- [Task] Exactly as written, set down the lines from the top of the entries through the line bearing "The ever-popular Achla", with every picture left out.
━━━━━━━━━━━━━━━━━━━━━━━━━━━━━━
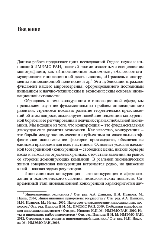 Книга подготовлена авторским коллективом отдела науки и инноваций ИМЭМО РАН. Впервые рассмотрен комплекс вопросов инновационной конкуренции на национальных, отраслевых и глобальных рынках высоких технологий, а также формирование нового антимонопольного регулирования в данной сфере, проходящее в США и Евросоюзе. Показано, что борьба за лидерство в сфере науки и инноваций обостряется, идет поиск баланса национального и глобального в инновационных стратегиях в ситуации, когда открытость инновационных систем становится и условием, и риском лидерства.
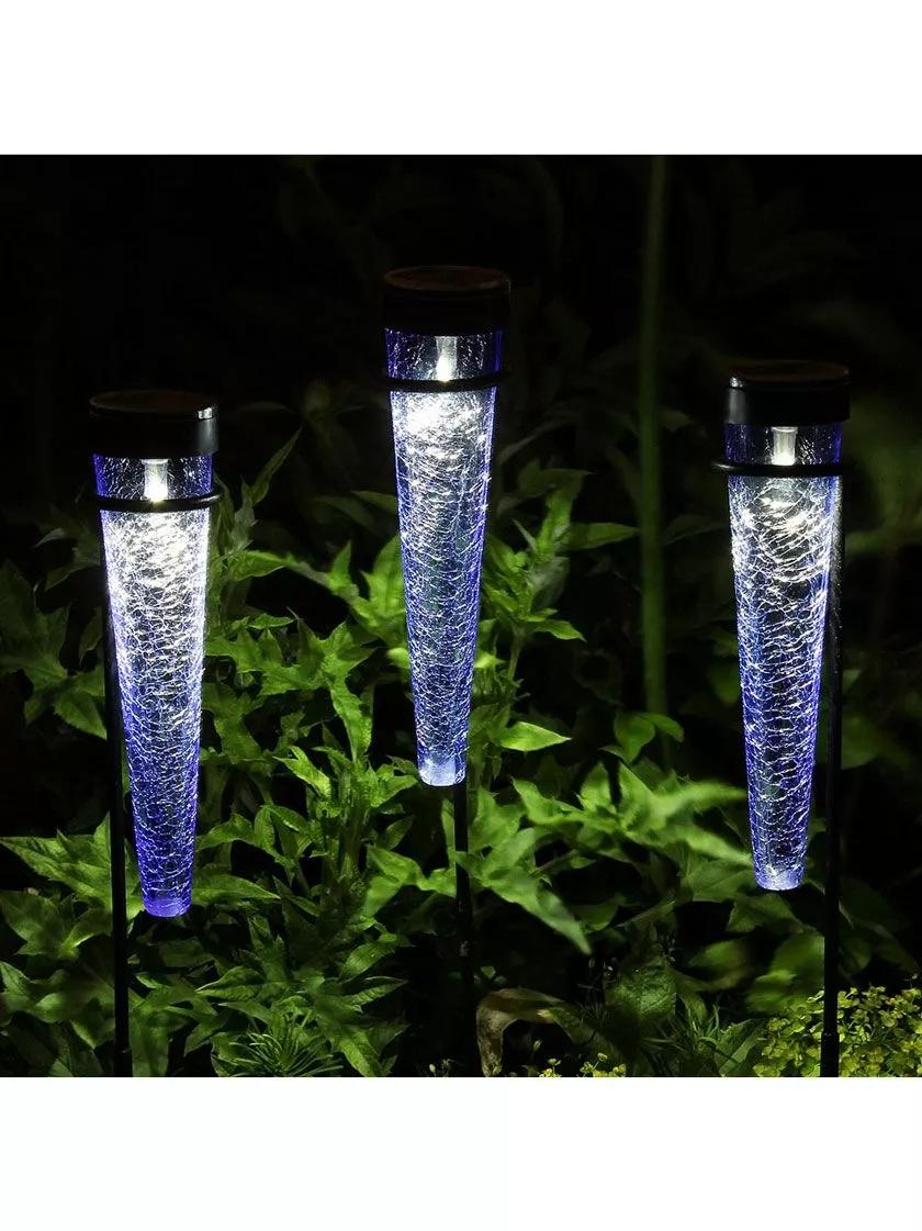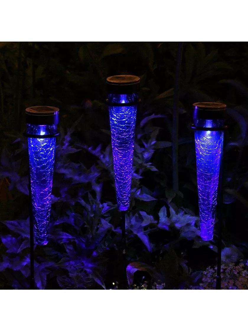 The ever-popular Achla Designs Solar Sparkle Cones have been adapted for garden stakes. Made of colorful hand-blown glass, we use a layered glassmaking technique that gives the glass a crackled effect. As the solar-powered LED light shines shine through the hand-blown, colored glass, a beautiful glow is created, adding a magical ambiance to your yard, garden, or patio. Light up paths and walkways, garden beds, and patio borders- stake into the ground in any area of the yard or landscape. Requires no wires or cords. Great outdoor lighting lets you enjoy spending time outside, even after the sun goes down.
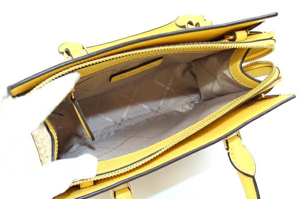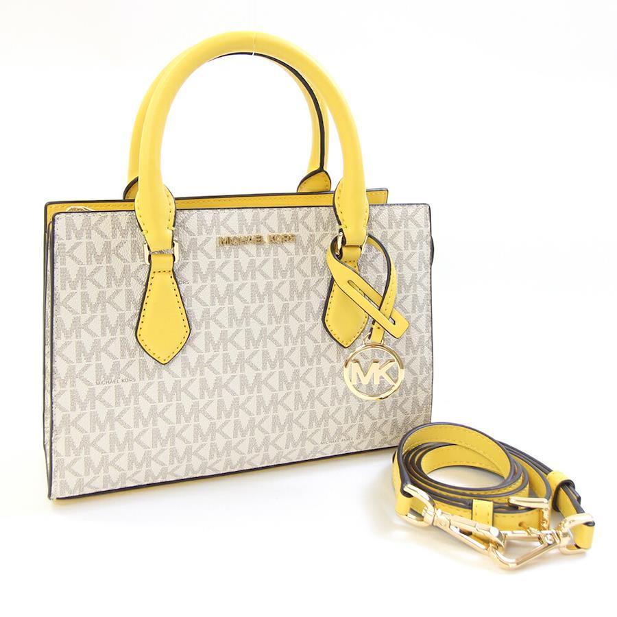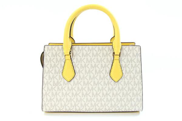 マイケルコース2WAYハンドバッグシェイラ35S3G6HS5BホワイトイエローPVCレザー中古ショルダーバッグ斜め掛けミニバッグMKシグネチャーレディースMICHAELKORS
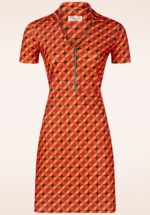 Daisy Geo Retro jurk in oranje en zwart
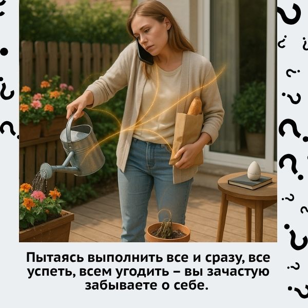 Пытаясь выполнить все и сразу, все успеть, всем угодить – вы зачастую забываете о себе. Вы стараетесь стать идеальным сотрудником на работе, примерным семьянином, хорошим сыном/дочерью/отцом/матерью/братом/сестрой… Вот только в сутках всего лишь 24 часа, и вы не можете их растянуть. Вы должны оставлять время на себя, на то, чтобы расслабиться, восстановиться и «перезагрузиться».
━━━━━━━━━━━━━━━━━━━━━━━━━━━━━━
- [Task solution]
 Книга подготовлена авторским коллективом отдела науки и инноваций ИМЭМО РАН. Впервые рассмотрен комплекс вопросов инновационной конкуренции на национальных, отраслевых и глобальных рынках высоких технологий, а также формирование нового антимонопольного регулирования в данной сфере, проходящее в США и Евросоюзе. Показано, что борьба за лидерство в сфере науки и инноваций обостряется, идет поиск баланса национального и глобального в инновационных стратегиях в ситуации, когда открытость инновационных систем становится и условием, и риском лидерства.
 The ever-popular Achla Designs Solar Sparkle Cones have been adapted for garden stakes. Made of colorful hand-blown glass, we use a layered glassmaking technique that gives the glass a crackled effect. As the solar-powered LED light shines shine through the hand-blown, colored glass, a beautiful glow is created, adding a magical ambiance to your yard, garden, or patio. Light up paths and walkways, garden beds, and patio borders- stake into the ground in any area of the yard or landscape. Requires no wires or cords. Great outdoor lighting lets you enjoy spending time outside, even after the sun goes down.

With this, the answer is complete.